Климентия в тот же год вывели из Киева. Вежливо вывели, позволили всё имение с собой взять и служителей, коих пожелает. До крайних рубежей Киевской земли провожал опального митрополита сын великого князя — Андрей Юрьевич.

Как попросил сам Климентий, отпустили его в город Владимир-Волынский, и, как оказалось - напрасно. Климентий быстро сошёлся с тамошними иерархами, которые не к Киеву тянулись, а к латинским соседям. К Климентию зачастили князья Мстиславичи, недоброжелатели Юрия, искали у него духовной поддержки. Митрополичьи служки мутили народ, сетовали, что Киев остался без митрополита, оттого-де уходит из матери городов русских прежняя святость...

Великий князь Юрий Владимирович давно отправил в Константинополь посольство — просить патриархов о подавлении на русскую мирополию достойного инока Константина. Но в Константинополе по лукавству своему византийскому не торопились, ждали новых даров. Дары послали, не поскупились, а время шло. Только осенью 1155 года состоялось рукоположение Константина в русские митрополиты.

Константин собирался в обратный путь неторопливо, видно, понравилась ему сладкая жизнь у тёплого моря. Вот и зима прошла, а митрополита в Киеве всё нет и нет.

Весной Юрий Владимирович вызвал из Новгорода своего старого доброхота епископа Нифонта, торжественно ввёл на митрополичий двор местоблюстителем.

Но недолго просидел Нифонт в высоком митрополичьем кресле под златым крестом и мало что успел сделать на пользу великому князю.
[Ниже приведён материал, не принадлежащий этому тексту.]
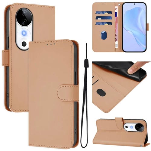 Funda de Cuero con Cordón para Teléfono con Textura de Piel de Color Liso para Vivo S19 (Desnudo)

Той же весной, месяца апреля в 13 день, Нифонт занедужил и помер.

Не повезло Юрию и с другим духовным наставником, ростовским епископом Никоном. В отсутствие князя Никон засамовольничал без меры, прилюдно объявил, что новый митрополит из греков ему не указ, людей напрасно обижал, и суздальские мужи сами выбили его из города.

Никон прибежал в Киев — искать защиты у великого князя. Но Юрий не только не защитил его, но совсем отставил от епископства. Так гордыня губит человека, будь он боярин, князь или духовный пастырь. Бог за гордыню наказывает...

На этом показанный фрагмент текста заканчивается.